The SDK does not aggregate usage or compute cost during a request. Each MessageResponse carries the API-reported Usage; turning that into a Cost and accumulating across calls is the caller's responsibility.
Pick the Model you intend to use and multiply the response's usage by its cost:
val haiku = Model.CLAUDE_HAIKU_4_5_20251001
val response = anthropic.messages.create {
model(haiku)
+"Hello, Claude"
}
val cost = response.usage * haiku.cost
println(cost)Note
Cost exposes per-bucket Money (input, output, cache 5m/1h write, cache read) and a total. Multiplication is commutative — haiku.cost * response.usage works the same.
For a model that isn't predefined as a constant in Model.Companion, construct a Model(...) instance directly with its id, context window, and pricing, and use it the same way.

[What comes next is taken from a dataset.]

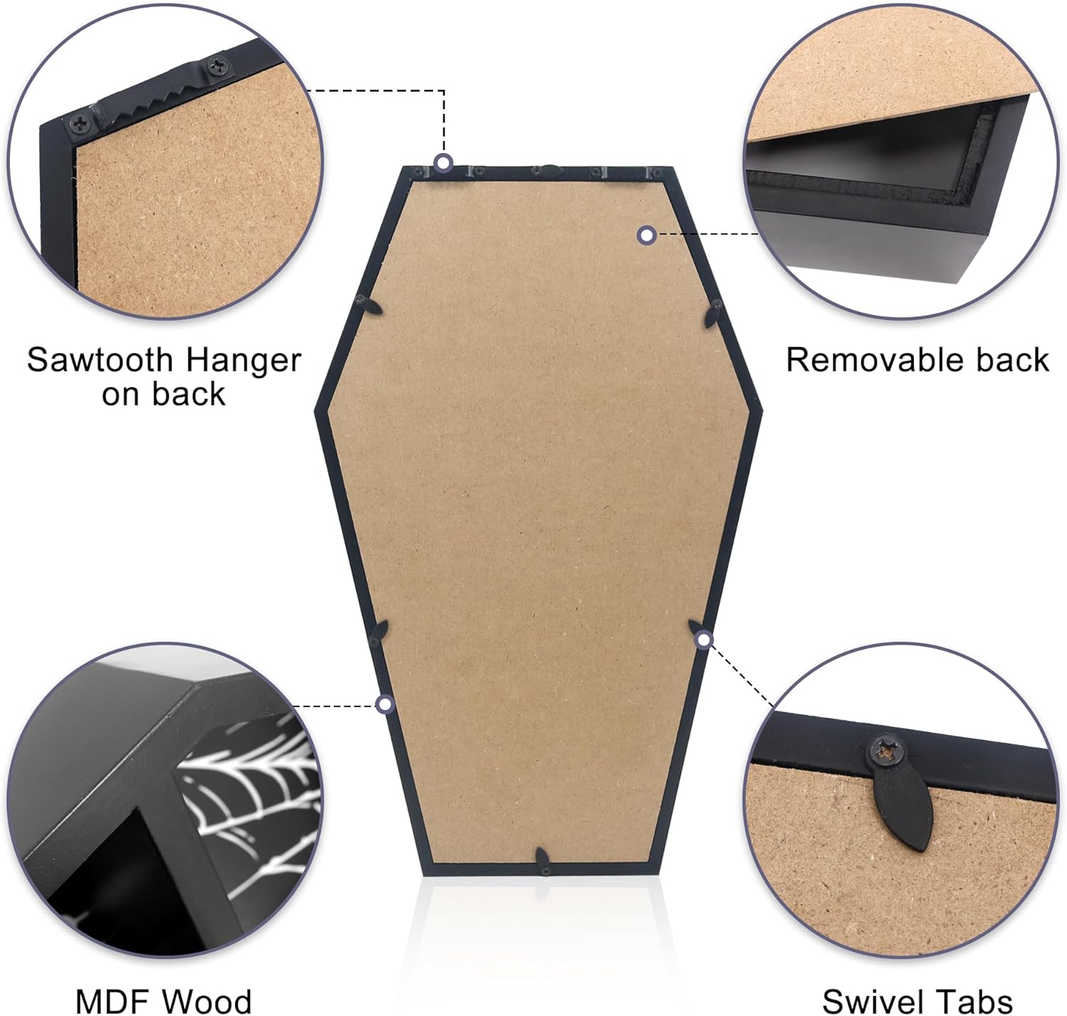 Who needs cute shelves when you are going for the gothic room decor look? Whether you are into horror decor for bedroom or oddities and curiosities, these two coffin shelves will be sure to spook your room guests out! People do all kinds of crazy things in their bedroom these days: gothic furniture, spider decor, witchy bedding, skull candles, or other witchy wall decor. This gothic shelf can hold whatever goth stuff or accents that you might be interested in. If you have small books, it can double as a bookcase. With two coffins you can have more room for decoration.

When you also need to track the underlying Usage alongside cost — for reporting or auditing — pair them with CostWithUsage and accumulate with +=:
val anthropic = Anthropic()
val model = Model.CLAUDE_HAIKU_4_5_20251001
var costWithUsage = CostWithUsage.ZERO
repeat(3) {
val response = anthropic.messages.create {
model(model)
+"Tell me a one-sentence joke."
}
costWithUsage += response.usage.pricedBy(model)
}
println(costWithUsage) // total usage + total costUsage.pricedBy(model) returns a CostWithUsage carrying both the per-response cost and the Usage itself.

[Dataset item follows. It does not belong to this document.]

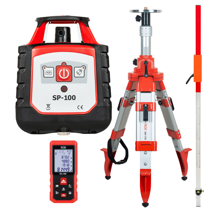 Комплект ротационный нивелир RGK SP-100 со штативом RGK SH-170, рейкой RGK LR-2 и лазерным дальномером RGK DL100

Because aggregation is not global, you can scope it however you need:
class Conversation(
private val anthropic: Anthropic,
private val model: Model
) {
var costWithUsage = CostWithUsage.ZERO
private set
suspend fun ask(prompt: String): String {
val response = anthropic.messages.create {
model(this@Conversation.model)
+prompt
}
costWithUsage += response.usage.pricedBy(model)

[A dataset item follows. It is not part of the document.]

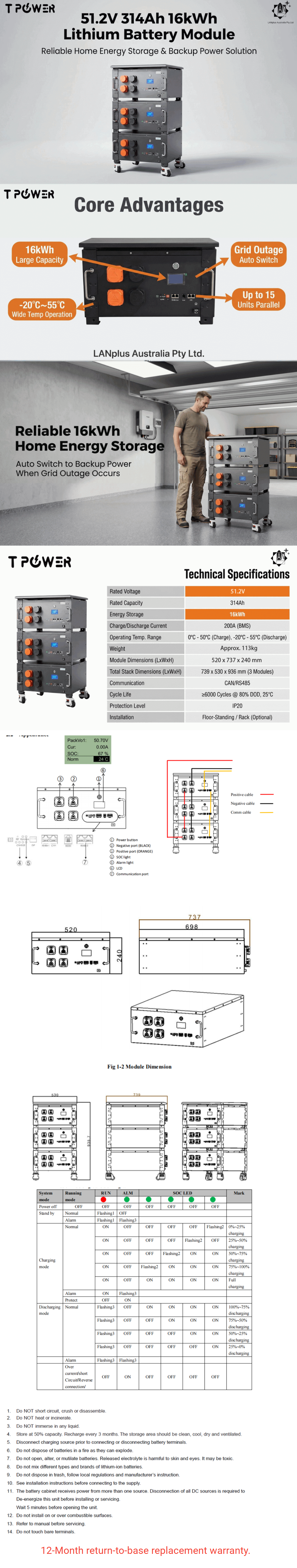 3X 48V 314Ah 16kWh LiFePO4 Battery Pack 200A BMS Parallel Rack NOT Included
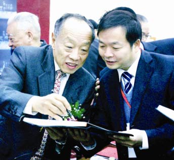 面對眾“粉絲”的要求,李肇星滿臉笑容,拿起筆挨個簽名。5分鐘過去了,前外長沒有挪動半步。

return response.text.orEmpty()
}
}A separate accumulator per conversation, request handler, or tenant gives you isolated totals without any cross-talk.
A var costWithUsage is fine for sequential code within a single coroutine, but it is not safe to share across concurrent producers. When several coroutines need to contribute to the same total, use CostCollector, which wraps the same accumulation in an atomic reference:
val costs = CostCollector()
coroutineScope {
repeat(3) {
launch {
val response = anthropic.messages.create { +"Hi" }
costs += response.usage.pricedBy(model)
}
}
}
println(costs.costWithUsage)To produce a human-readable breakdown, use costReport, which renders a Markdown-style table comparing a single request against a running total:
val response = anthropic.messages.create { +"Hi" }
val requestCost = response.usage.pricedBy(model)
costWithUsage += requestCost
println(
costReport(
stats = requestCost,
totalStats = costWithUsage
)
)Flow<Event>.toMessageResponse() consumes the stream and returns a MessageResponse whose usage carries the full final breakdown (input, output, cache, server tool counts) — same shape as a non-streaming response. So the streaming case collapses to the non-streaming pattern:
val haiku = Model.CLAUDE_HAIKU_4_5_20251001
val response = anthropic.messages
.stream {
model(haiku)
+"Write me a haiku."
}
.toMessageResponse()
costWithUsage += response.usage.pricedBy(model)If you need to react to events as they arrive (for token-by-token UI updates) and still want the final usage, tap the flow with onEach { ... } before calling toMessageResponse().